How to deal with the feeling of loneliness
What should we do about feelings lonely then? It’s easy to start watching TV, scroll social media or just read something to keep our minds occupied. But that’s not dealing with the actual feeling, it’s just pushing it further back in the closet. What we need is acceptance.
Arguably the most difficult aspect of all; learning how to accept our feelings for what they truly are. When we accept how we feel, it’s a way of making peace with our mind and the world around us. Acceptance means that we don’t resist what comes up. We don’t force away what’s yearning to be heard. We don’t distract ourselves from the truth. Only once we accept, can we then take action and move forward. It also means that we don’t judge ourselves. We are only short-lived human beings after all.

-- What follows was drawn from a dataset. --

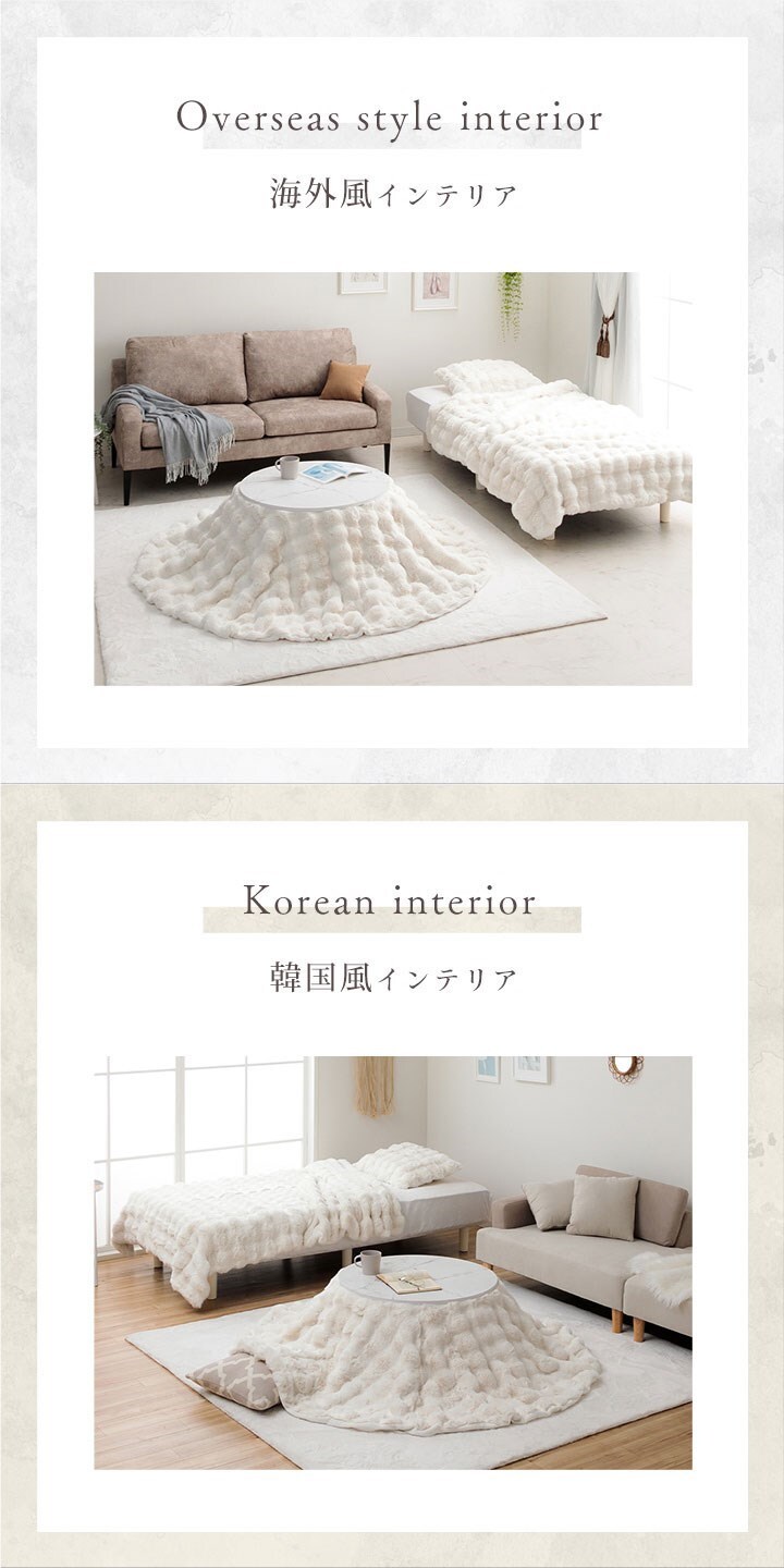 もこもことしたシルエットが可愛い、ラビットファー調のこたつ掛け毛布です。

After acceptance, we can start to work on improving that internal condition. We can write about it, reach out to people, speak our minds, lean into our hearts and share vulnerabilities. We can find activities that fulfil us. Serve others more. Be kinder. Be more caring, patient and loving to the world.
The more you give, the more you get. Start demanding less, and start giving more. And when it comes to receiving, don’t deny yourself that either.
Don’t allow social distancing to create emotional distancing. If you’re reading this rn, please know that you’re not alone. You are loved. You are cared for. You are worth it. Reach out to me if you need to. Reach out to other people you haven’t to in a while. It’s going to be okay. You got this.